[英]Selecting values from pandas dataframe based off of columns with min/max values in another dataframe
I have two dataframes with different quarters of the year as columns and particular locations as rows:我有两个数据框,一年中不同的季度作为列,特定位置作为行:
Temperature:温度:
q_1 ![]() |
q_2 ![]() |
q_3 ![]() |
q_4 ![]() |
|
---|---|---|---|---|
A![]() |
10 ![]() |
50 ![]() |
0 ![]() |
5 ![]() |
B![]() |
6 ![]() |
0 ![]() |
30 ![]() |
1 ![]() |
C ![]() |
60 ![]() |
2 ![]() |
9 ![]() |
16 ![]() |
Precipitation沉淀
q_1 ![]() |
q_2 ![]() |
q_3 ![]() |
q_4 ![]() |
|
---|---|---|---|---|
A![]() |
18 ![]() |
1 ![]() |
0 ![]() |
7 ![]() |
B![]() |
6 ![]() |
13 ![]() |
12 ![]() |
3 ![]() |
C ![]() |
3 ![]() |
20 ![]() |
4 ![]() |
0 ![]() |
I am trying to create another dataframe whose columns are populated by the temperatures for the wettest/driest quarter and the precipitation of the warmest/coolest quarters for each location:我正在尝试创建另一个 dataframe,其列由最潮湿/最干燥季度的温度和每个位置最温暖/最凉爽季度的降水量填充:
DF_new: DF_new:
temp_wettest ![]() |
temp_driest![]() |
precip_warmest ![]() |
precip_coolest![]() |
|
---|---|---|---|---|
A![]() |
10 ![]() |
0 ![]() |
1 ![]() |
0 ![]() |
B![]() |
0 ![]() |
1 ![]() |
12 ![]() |
13 ![]() |
C ![]() |
2 ![]() |
16 ![]() |
3 ![]() |
20 ![]() |
I have been trying to use idxmax:我一直在尝试使用 idxmax:
temp = pd.DataFrame({'q_1' : [10,6,60],
'q_2' : [50,0,2],
'q_3' : [0,30,9],
'q_4' : [5,1,16]},index=['A','B','C'])
prec = pd.DataFrame({'q_1' : [18,6,3],
'q_2' : [1,13,20],
'q_3' : [0,12,4],
'q_4' : [7,3,0]},index=['A','B','C'])
DF_new = pd.DataFrame({'temp_wettest': temp[prec.idxmax(axis=1)],
'temp_driest' : temp[prec.idxmin(axis=1)],
'precip_warmest': prec[temp.idxmax(axis=1)],
'precip_coolest': prec[temp.idxmin(axis=1)]},index=['A','B','C'])
<OUT>
temp_wettest temp_driest precip_warmest precip_coolest
A (q, _, 1) (q, _, 3) (q, _, 2) (q, _, 3)
B (q, _, 2) (q, _, 4) (q, _, 3) (q, _, 2)
C (q, _, 2) (q, _, 4) (q, _, 1) (q, _, 2)
I get why idxmax isn't working (it's just passing in a list of column names), but I'm not sure how to get the actual values into the new dataframe.
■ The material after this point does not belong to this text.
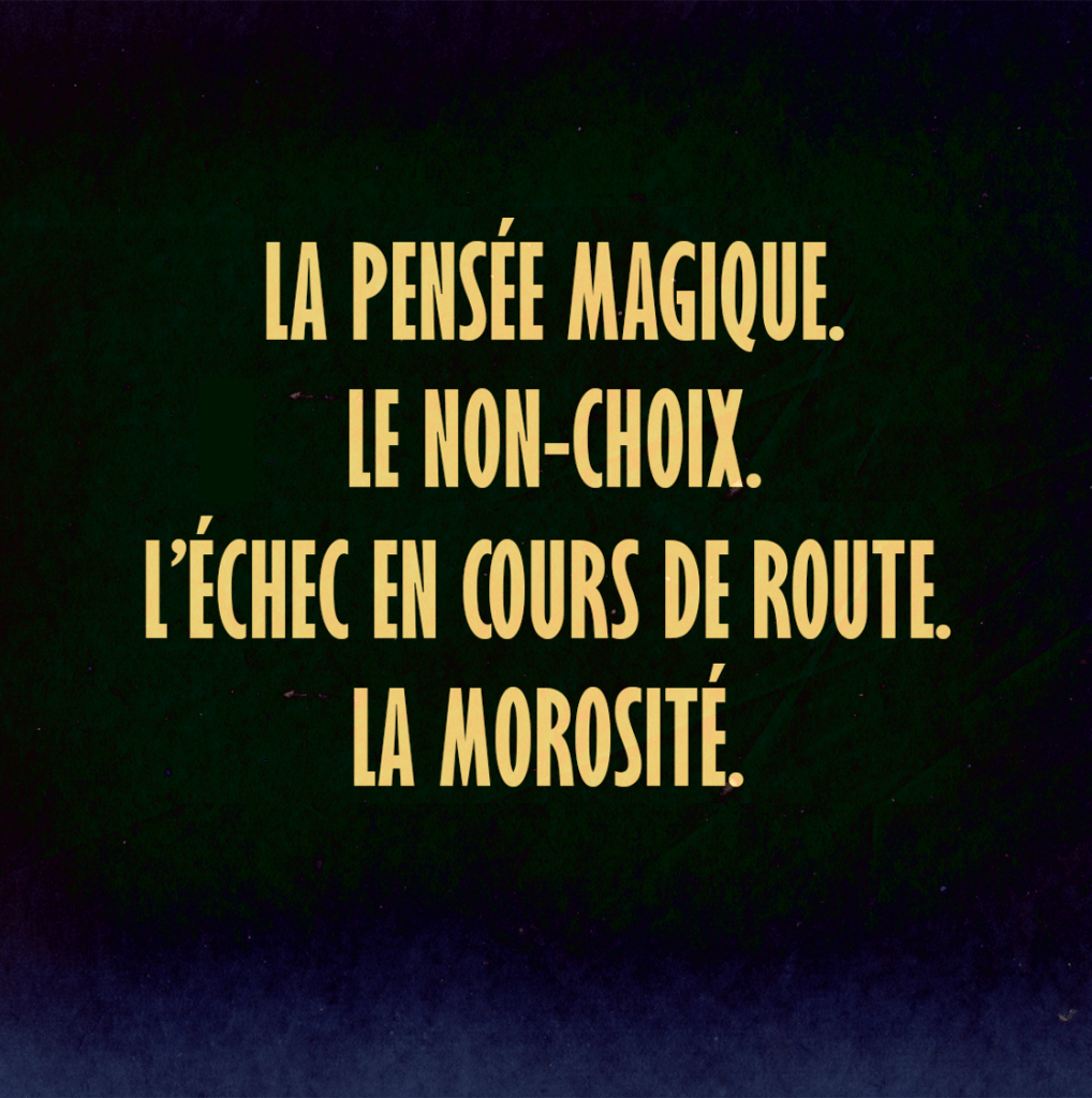 la pensée magique, le non-choix, l’échec en cours de route et la morosité.

I've also tried using pd.apply(), but I'm unsure of what function to use.我明白为什么 idxmax 不起作用(它只是传递列名列表),但我不确定如何将实际值放入新的 dataframe 中。我也尝试过使用 pd.apply(),但是我不确定要使用什么 function。
Thanks谢谢
If you have Pandas version < 1.2.0, try lookup
:如果您的 Pandas 版本 < 1.2.0,请尝试
lookup
:
DF_new = pd.DataFrame({'temp_wettest': temp.lookup(prec.index, prec.idxmax(axis=1)),
'temp_driest' : temp.lookup(prec.index, prec.idxmin(axis=1)),
'precip_warmest': prec.lookup(temp.index, temp.idxmax(1)),
'precip_coolest': prec.lookup(temp.index, temp.idxmin(1))
})
Output: Output:
temp_wettest temp_driest precip_warmest precip_coolest
0 10 0 1 0
1 0 1 12 13
2 2 16 3 20
I have two dataframes with different quarters of the year as columns and particular locations as rows:我有两个数据框,将一年中不同的季度作为列,将特定位置作为行:
Temperature:温度:
q_1 ![]() |
q_2 ![]() |
q_3 ![]() |
q_4 ![]() |
|
---|---|---|---|---|
A![]() |
10 ![]() |
50 ![]() |
0 ![]() |
5 ![]() |
B![]() |
6 ![]() |
0 ![]() |
30 ![]() |
1 ![]() |
C ![]() |
60 ![]() |
2 ![]() |
9 ![]() |
16 ![]() |
Precipitation沉淀
q_1 ![]() |
q_2 ![]() |
q_3 ![]() |
q_4 ![]() |
|
---|---|---|---|---|
A![]() |
18 ![]() |
1 ![]() |
0 ![]() |
7 ![]() |
B![]() |
6 ![]() |
13 ![]() |
12 ![]() |
3 ![]() |
C ![]() |
3 ![]() |
20 ![]() |
4 ![]() |
0 ![]() |
I am trying to create another dataframe whose columns are populated by the temperatures for the wettest/driest quarter and the precipitation of the warmest/coolest quarters for each location:我正在尝试创建另一个 dataframe 其列由最潮湿/最干燥季度的温度和每个位置的最热/最冷季度的降水量填充:
DF_new: DF_新:
temp_wettest ![]() |
temp_driest ![]() |
precip_warmest ![]() |
precip_coolest ![]() |
|
---|---|---|---|---|
A![]() |
10 ![]() |
0 ![]() |
1 ![]() |
0 ![]() |
B![]() |
0 ![]() |
1 ![]() |
12 ![]() |
13 ![]() |
C ![]() |
2 ![]() |
16 ![]() |
3 ![]() |
20 ![]() |
I have been trying to use idxmax:我一直在尝试使用 idxmax:
temp = pd.DataFrame({'q_1' : [10,6,60],
'q_2' : [50,0,2],
'q_3' : [0,30,9],
'q_4' : [5,1,16]},index=['A','B','C'])
prec = pd.DataFrame({'q_1' : [18,6,3],
'q_2' : [1,13,20],
'q_3' : [0,12,4],
'q_4' : [7,3,0]},index=['A','B','C'])
DF_new = pd.DataFrame({'temp_wettest': temp[prec.idxmax(axis=1)],
'temp_driest' : temp[prec.idxmin(axis=1)],
'precip_warmest': prec[temp.idxmax(axis=1)],
'precip_coolest': prec[temp.idxmin(axis=1)]},index=['A','B','C'])
<OUT>
temp_wettest temp_driest precip_warmest precip_coolest
A (q, _, 1) (q, _, 3) (q, _, 2) (q, _, 3)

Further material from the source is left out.